If you have NEVER configured lookups before, you MUST post an empty json object `{}` to `/druid/coordinator/v1/lookups` to initialize the configuration.
These endpoints will return one of the following results:
* 404 if the resource is not found
* 400 if there is a problem in the formatting of the request
* 202 if the request was accepted asynchronously (`POST` and `DELETE`)
* 200 if the request succeeded (`GET` only)
## Configuration propagation behavior
The configuration is propagated to the query serving nodes (broker / router / peon / historical) by the coordinator.
The query serving nodes have an internal API for managing `POST`/`GET`/`DELETE` of lookups.
The coordinator periodically checks the dynamic configuration for changes and, when it detects a change it does the following:
1. Post all lookups for a tier to all Druid nodes within that tier.

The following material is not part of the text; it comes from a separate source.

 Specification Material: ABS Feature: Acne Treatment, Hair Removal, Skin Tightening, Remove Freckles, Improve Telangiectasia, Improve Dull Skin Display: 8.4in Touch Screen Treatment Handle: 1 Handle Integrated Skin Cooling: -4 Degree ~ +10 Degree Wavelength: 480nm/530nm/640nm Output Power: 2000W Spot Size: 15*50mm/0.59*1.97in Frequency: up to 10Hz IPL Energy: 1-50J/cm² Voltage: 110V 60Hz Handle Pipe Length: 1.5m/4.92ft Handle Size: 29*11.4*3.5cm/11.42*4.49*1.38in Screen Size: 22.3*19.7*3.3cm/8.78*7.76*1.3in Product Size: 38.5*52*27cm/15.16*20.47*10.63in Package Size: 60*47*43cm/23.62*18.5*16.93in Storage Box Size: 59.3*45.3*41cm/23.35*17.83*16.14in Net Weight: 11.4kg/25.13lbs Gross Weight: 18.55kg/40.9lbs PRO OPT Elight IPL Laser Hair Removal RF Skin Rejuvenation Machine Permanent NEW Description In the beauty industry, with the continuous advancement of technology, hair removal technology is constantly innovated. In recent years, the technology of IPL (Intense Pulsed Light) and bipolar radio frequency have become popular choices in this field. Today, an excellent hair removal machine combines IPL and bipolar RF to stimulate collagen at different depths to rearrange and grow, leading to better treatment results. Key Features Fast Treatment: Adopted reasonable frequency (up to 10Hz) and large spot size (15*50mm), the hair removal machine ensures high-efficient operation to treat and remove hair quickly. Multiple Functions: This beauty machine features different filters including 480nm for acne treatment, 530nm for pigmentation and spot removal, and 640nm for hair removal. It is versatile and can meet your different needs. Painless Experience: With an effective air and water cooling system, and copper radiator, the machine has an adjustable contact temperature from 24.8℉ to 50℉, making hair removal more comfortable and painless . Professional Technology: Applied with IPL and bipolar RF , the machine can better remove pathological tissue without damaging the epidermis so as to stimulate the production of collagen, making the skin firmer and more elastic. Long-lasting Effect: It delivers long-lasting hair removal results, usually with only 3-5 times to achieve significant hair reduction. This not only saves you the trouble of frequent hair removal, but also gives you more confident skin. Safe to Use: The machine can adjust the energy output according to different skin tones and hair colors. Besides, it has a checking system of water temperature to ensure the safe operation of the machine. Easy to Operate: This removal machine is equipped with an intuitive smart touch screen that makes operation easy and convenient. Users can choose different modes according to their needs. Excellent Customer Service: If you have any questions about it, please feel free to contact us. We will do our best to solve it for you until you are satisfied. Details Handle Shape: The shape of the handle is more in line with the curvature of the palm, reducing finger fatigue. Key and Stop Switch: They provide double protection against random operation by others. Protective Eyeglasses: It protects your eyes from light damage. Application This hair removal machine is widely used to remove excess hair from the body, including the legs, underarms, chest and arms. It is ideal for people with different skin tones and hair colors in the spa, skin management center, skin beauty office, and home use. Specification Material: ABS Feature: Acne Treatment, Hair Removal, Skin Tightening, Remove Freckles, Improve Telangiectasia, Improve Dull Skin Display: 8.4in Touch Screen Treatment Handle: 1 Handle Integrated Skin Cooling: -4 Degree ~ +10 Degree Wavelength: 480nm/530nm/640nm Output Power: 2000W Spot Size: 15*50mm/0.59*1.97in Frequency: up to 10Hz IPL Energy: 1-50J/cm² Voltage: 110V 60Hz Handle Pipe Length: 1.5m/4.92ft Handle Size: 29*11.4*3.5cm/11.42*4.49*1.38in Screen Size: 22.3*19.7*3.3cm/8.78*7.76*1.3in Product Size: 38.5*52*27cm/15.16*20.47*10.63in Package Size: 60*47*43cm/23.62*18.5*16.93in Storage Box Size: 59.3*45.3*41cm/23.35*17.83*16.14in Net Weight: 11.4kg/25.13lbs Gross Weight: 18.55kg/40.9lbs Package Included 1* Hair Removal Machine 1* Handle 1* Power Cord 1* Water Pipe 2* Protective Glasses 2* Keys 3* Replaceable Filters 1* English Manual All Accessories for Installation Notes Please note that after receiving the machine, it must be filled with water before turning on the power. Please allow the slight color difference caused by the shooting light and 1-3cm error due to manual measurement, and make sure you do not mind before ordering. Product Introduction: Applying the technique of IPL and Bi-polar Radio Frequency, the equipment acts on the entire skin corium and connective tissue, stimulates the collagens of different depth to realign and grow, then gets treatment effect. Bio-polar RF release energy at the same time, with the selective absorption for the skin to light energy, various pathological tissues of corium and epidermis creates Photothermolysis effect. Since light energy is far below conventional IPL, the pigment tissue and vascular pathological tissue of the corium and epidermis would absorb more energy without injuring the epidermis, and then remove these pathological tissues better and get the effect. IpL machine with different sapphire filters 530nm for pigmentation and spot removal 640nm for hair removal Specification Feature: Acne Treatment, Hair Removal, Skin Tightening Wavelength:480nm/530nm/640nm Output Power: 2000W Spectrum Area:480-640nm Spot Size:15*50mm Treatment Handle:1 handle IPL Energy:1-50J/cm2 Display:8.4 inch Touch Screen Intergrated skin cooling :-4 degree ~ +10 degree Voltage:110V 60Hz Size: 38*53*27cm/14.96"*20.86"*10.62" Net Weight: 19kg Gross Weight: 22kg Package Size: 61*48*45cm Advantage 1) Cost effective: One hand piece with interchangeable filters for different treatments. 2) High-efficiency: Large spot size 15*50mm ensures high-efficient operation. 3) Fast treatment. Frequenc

2. Delete lookups from a tier which were dropped between the prior configuration values and this one.
If there is no configuration change, the coordinator checks for any nodes which might be new since the last time it propagated lookups and adds all lookups for that node (assuming that node's tier has lookups).
If there are errors while trying to add or update configuration on a node, that node is temporarily skipped until the next management period. The next management period the update will attempt to be propagated again.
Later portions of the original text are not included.